Aqidah, Pondasi Kesabaran, dan Kesabaran Pondasi Keberhasilan

Rasulullah Shalallahu ‘alaihi wa sallam berdakwah di kota Makkah selama 13 tahun, memperbaiki kerusakan aqidah dan moral. Dengan keuletan dan keberanian beliau menghadapi segala tantangan dan risiko, serta pengorbanan yang tidak terhitung, akhirnya beberapa orang dengan hidayah dari Allah Subhanahu wa ta’ala masuk ke dalam agama yang dibawanya. Di antaranya istri beliau Ummul Mukminin Khadijah bintu Khuwailid Radhiyallahu ‘anha, maula beliau Zaid bin Haritsah bin Syarahil Al-Kalbi Radhiyallahu ‘anhu, anak paman beliau ‘Ali bin Abi Thalib Radhiyallahu ‘anhu, dan teman dekat beliau, Abu Bakr Radhiyallahu ‘anhu.
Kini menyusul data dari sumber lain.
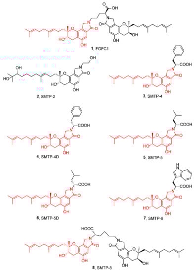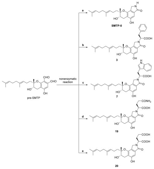 In 2012, Nishimura et al. isolated a new compound designated pre-SMTP from fungus S. microspora, which directly afforded SMTP congeners by reacting nonenzymatically (phthalaldehydes reaction) [,]. Pre-SMTP accumulated, with limited amounts of amine, in medium with S. microspora, and it consumed rapidly after increased amine feeding. Meanwhile, SMTP-0, as well as congeners 3, 7, 19, and 20 were afforded, by reaction of pre-SMTP, with ammonium chloride, L-phenylalanine, L-tryptophan, L-glutamine, and L-glutamic acid, respectively. Thus, it is available to synthesize a variety of congeners, with different N-linked side-chain structures, through nonenzymatic reaction between pre-SMTP and an amine (Figure 10).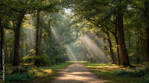 © Yicheng, Fototapeta premium Sunlit forest path with golden rays through trees, a serene nature escape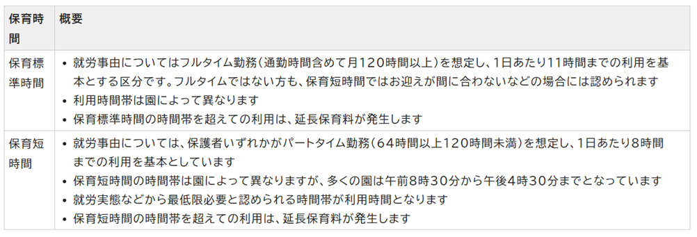 2号認定・3号認定では、保育事由などから「保育標準時間」と「保育短時間」のいずれかに区分されます。この区分は、延長保育料にも影響します。

Mereka masuk Islam di awal permulaan dakwah. Setelah itu Abu Bakr ikut andil memegang amanat yang besar ini. Melalui tangannya, masuk Islamlah ‘Utsman bin ‘Affan Al-Umawi Radhiyallahu ‘anhu, Az-Zubair bin Al-’Awwam Radhiyallahu ‘anhu, Abdurrahman bin Auf Radhiyallahu ‘anhu, Sa’d bin Abi Waqqash Radhiyallahu ‘anhu, dan Thalhah bin Ubaidillah At-Taimi Radhiyallahu ‘anhu.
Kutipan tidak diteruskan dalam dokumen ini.